I wanted to know whether my method of code reuse is good or not?
Is there a better way of reusing code in Python?
Did I miss something due to which the new function became slower?

My functions alongwith the testing() function used to test all three.

def largest_prime_factor(num):
 '''returns the largest prime factor of a number'''
 ans = 0
 if num % 2 == 0:
 ans = 2
 num /= 2
 while num % 2 == 0:
 num /= 2
 i = 3
 while i <= num:
 if num % i == 0:
 ans = i
 num /= i
 while num % i == 0:
 num /= i
 i += 2
 return ans
def largest_prime_factor2(num):
 '''returns the largest prime factor of a number''' 
 ans = 0
 if num % 2:
 pass
 else:
 ans = 2
 while True:
 num //= 2
 if num % 2:
 break
 i = 3
 while i <= num:
 if num % i:
 pass
 else:
 ans = i
 while True:
 num //= i
 if num % i:
 break
 i += 2
 return ans
def largest_prime_factor3(num):
 '''returns the largest prime factor of a number'''
 def check(j):
 nonlocal ans
 nonlocal num
 if num % j:
 return
 ans = j
 while True:
 num //= j
 if num % j:
 return
 ans = 0
 check(2)
 i = 3
 while i <= num:
 check(i)
 i += 2
 return ans
def testing():
 from timeit import Timer
 import random
 def tests(f, times):
 def test1(f):
 f(random.randint(1, 1000))
 def test2(f):
 f(random.randint(100000, 1000000))
 print(f.__name__)
 print(Timer(lambda: test1(f)).timeit(number = times))
 print(Timer(lambda: test2(f)).timeit(number = times//10))
 print()
 tests(largest_prime_factor, 10000)
 tests(largest_prime_factor2, 10000)
 tests(largest_prime_factor3, 10000)
if __name__ == "__main__":
 testing()

The timing results that I found:

largest_prime_factor
0.338549207387318
16.599112750324068
largest_prime_factor2
0.21575289594063918
12.086949738861868
largest_prime_factor3
0.36032199674939847
18.893444539398857

This format of results is produced by the testing function.

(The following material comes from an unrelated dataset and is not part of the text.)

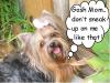 | Yorkie Kisses are the Best! Donating Member | Ok....I was just a LITTLE bored this morning - Here is SPY Girl in her NEW spot - she really thinks no one can see her and all I see is her peeking back at me to see if I'm watching her - If she could talk - THIS is what she'd be saying...... the captions go from LEFT to Right |

See that for details.

Question 2

As this question is about time efficiency any discussions for this can take place in this chat room. Please use this to avoid extended discussions.

Question 3

"I thought the 3rd one has to be faster than the 2nd because I broke it up into more functions but it wasn't faster but slower. " Why would you think that? Using function call instead of "inlining the code" can only produce a slowdown. Depending on the interpreter/compiler the code might be optimized to obtain the same efficiency as the inlined version, otherwise you end up with function-call overhead which means slower code. This is especially true in python where the interpreter doesn't do this kind of optimization and function calls are relatively expensive.

Question 4

In general no. In your example you had to copy the loop to special case 2. But you can create an iterable that first yields 2 and then only the odd numbers. For example using itertools.chain: for i in it.chain([2], range(3, num, 2)): ... would do what you want. (Last remark: instead of while True you could use while n % i == 0 and remove the break).

Question 5

Did you remove the if when timing that? for i in range(3, num, 2): while n %i == 0: ... n //= i. Also, do not obsess to much about timing. Readable code is much better than a code that take 0.1 msec less. Having while Trues around doesn't make code readable.

Question 6

By the way: you are considering only micro-optimizations when you could optimize the number of iterations in a much more significant way. You don't have to check numbers over sqrt(n) since they cannot be factors of n. the only case is when n is prime).

Question 7

In order to avoid code duplication and the performance regression that you get when putting that code into a function you can use itertools.chain:

import itertools as it
def largest_prime_factor(num):
 '''returns the largest prime factor of a number'''
 ans = num
 for div in it.chain([2], range(3, num, 2)):
 while not num % div:
 num //= div
 ans = div
 return ans

To improve performances in a significant way you can reduce the number of iterations noting that you don't have to check factors bigger than sqrt(num), since if num isn't a prime, then it can have at most one prime factor bigger than its square root(otherwise, if p and q where prime factors bigger than sqrt(n) you'd get that n = A * p *q > A * sqrt(n) * sqrt(n) = A * n > n which cannot be true when A != 1).

This leads to:

def largest_prime_factor(num):
 '''returns the largest prime factor of a number'''
 ans = num
 sqrt_num = int(num**.5)
 for div in it.chain([2], range(3, sqrt_num + 1, 2)):
 while not num % div:
 num //= div
 ans = div
 return ans if num == 1 else num

Note that, at the end of the for loop, the value of num is 1 if all its prime factors were smaller than the square root, otherwise it is equal to the only prime factor bigger than the square root.

Sample run:

In [34]: list(map(largest_prime_factor, range(2, 25)))
Out[34]: [2, 3, 2, 5, 3, 7, 2, 3, 5, 11, 3, 13, 7, 5, 2, 17, 3, 19, 5, 7, 11, 23, 3]

In fact we can further optimize the code noting that, whenever num becomes 1 inside the for loop we can safely break out of it(while the current code tries all the other factors up to sqrt(n) anyway).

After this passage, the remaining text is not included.